After attempting to test my proposed changes, I believe there are multiple race conditions in the network bootstrap that cause intermittent failures.

However, the chicken-and-egg exit issue covered by this bug produces reproducible failures (I believe it to be the cause of #13161 (moved) and one of the potential causes for #13787 (moved)).

In order to simplify testing, I have created a chutney config that (AFAIK) contains the smallest possible/reasonable Tor network: 3 authorities, 1 exit, 1 client.

Branch: basic-min Repository: https://github.com/teor2345/chutney.git

Nick, would you like to merge the chutney branch?

I will be testing my changes against this minimal config in order to eliminate intermittent failures from the more complex, rarer race conditions.

Success Criteria: The old (95%) and new code (99%) both succeed as long as TestingDirAuthVoteExit is turned on.

The old code fails (0%) when TestingDirAuthVoteExit is turned off. (See #13161 (moved).) The new code should reliably (95%) bootstrap with TestingDirAuthVoteExit turned off.

I'll get back to you after a few hundred test runs.....................

Trac:
Keywords: tor-relay test-network lorax deleted, tor-relay test-network lorax chutney added

I've posted the draft tor changes to:

Branch: bug13718-stop-req-exits-for-or-conns Repository: https://github.com/teor2345/tor.git

The branch contains two commits:

ignore exits when checking min dir info for internal connections (includes detailed log messages). This is the maximally compatible change that could be back-ported. Reported BOOTSTRAP_STATUS values try to look as much like the old version as possible. (Some duplicate events may be generated.)
split BOOTSTRAP_STATUS into INTERNAL and EXIT stages. This changes the values and number of events the controller will receive. This helps in determining whether we're hanging waiting for internal or exit paths. But it isn't necessary to back-port it.

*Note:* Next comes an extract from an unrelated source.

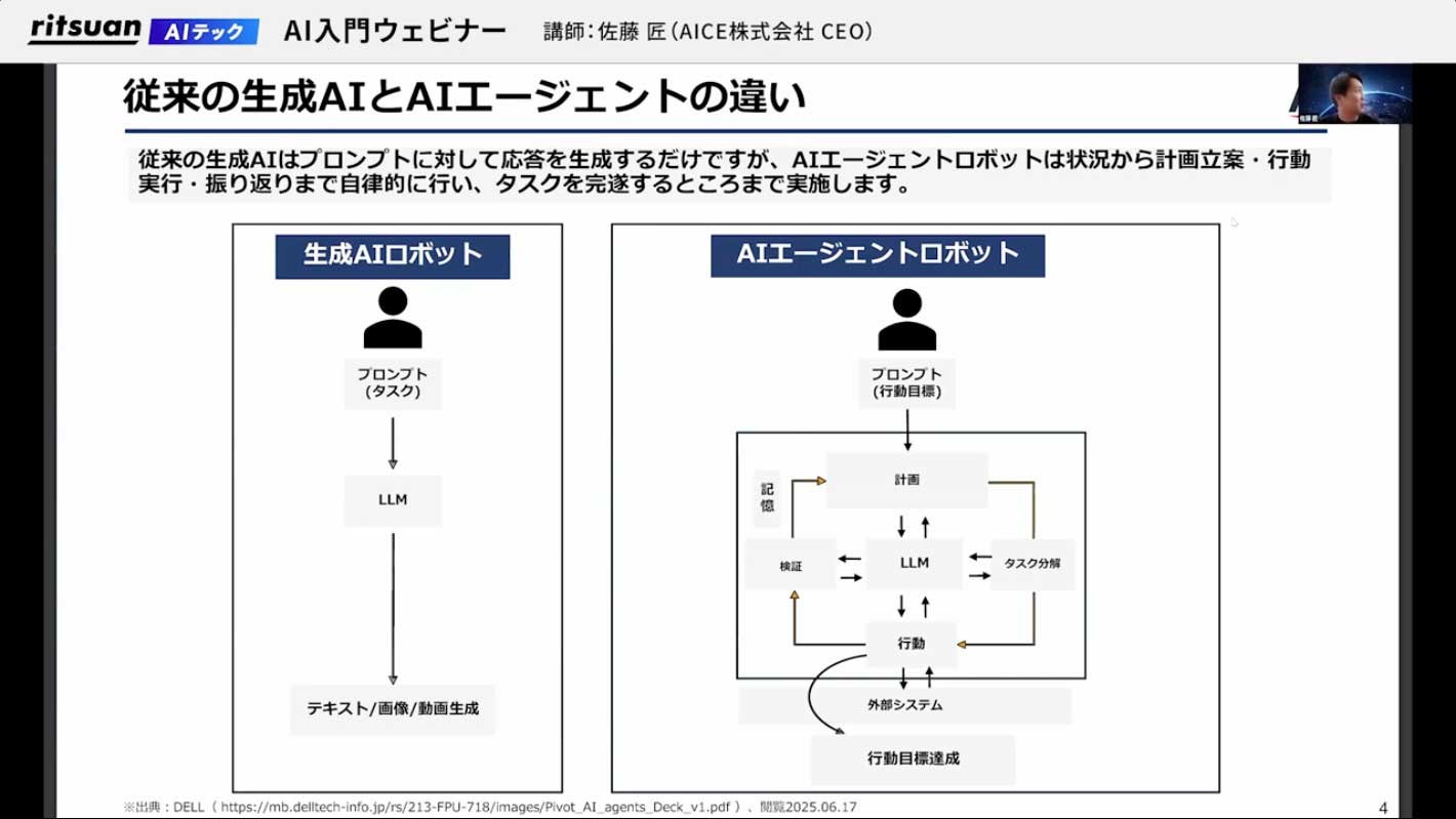 本日は初級編という形で、AIエージェントがどういう仕組みになっているのかに簡単に触れさせていただいた後、実際にAIを活用している企業がどのようなサービスをどのように使っているのかを解説します。このウェビナーに参加していただいた方が、「明日からこれを使ってみよう」と思えるような内容をメインにお話しさせていただければと思いますので、よろしくお願いいたします。

I'll attach my continuous testing script, which could go in chutney or tor, if it would be useful. (Which one, Nick?)

I'm currently testing the failure rate of this code on OS X (i386 & x86_64), can others test on Linux & Windows?

This also probably needs some simple unit tests. Not quite sure how to write those.

Trac:
Version: N/A to Tor: 0.2.6.1-alpha

Trac:
continuous-test-network.sh

Continuously run chutney until data transmission fails. Good for intermittent errors.

Merged the chutney patch; will review the other one on the bus.

Thanks! here are some initial thoughts:

42e4c18236068984c027ec1d737b34595ada8ace:

I kinda want an enum for the argument to router_have_minimum_dir_info(), rather than a boolean. It seems like it would be clearer that way. Or possibly, there should be two wrappers around it: have_minimum_dir_info_for_exit_circ(), have_minimum_dir_info_for_internal_circ().
The documentation for status_out in compute_frac_paths_available needs to be explicit about allocating a new string (by convention).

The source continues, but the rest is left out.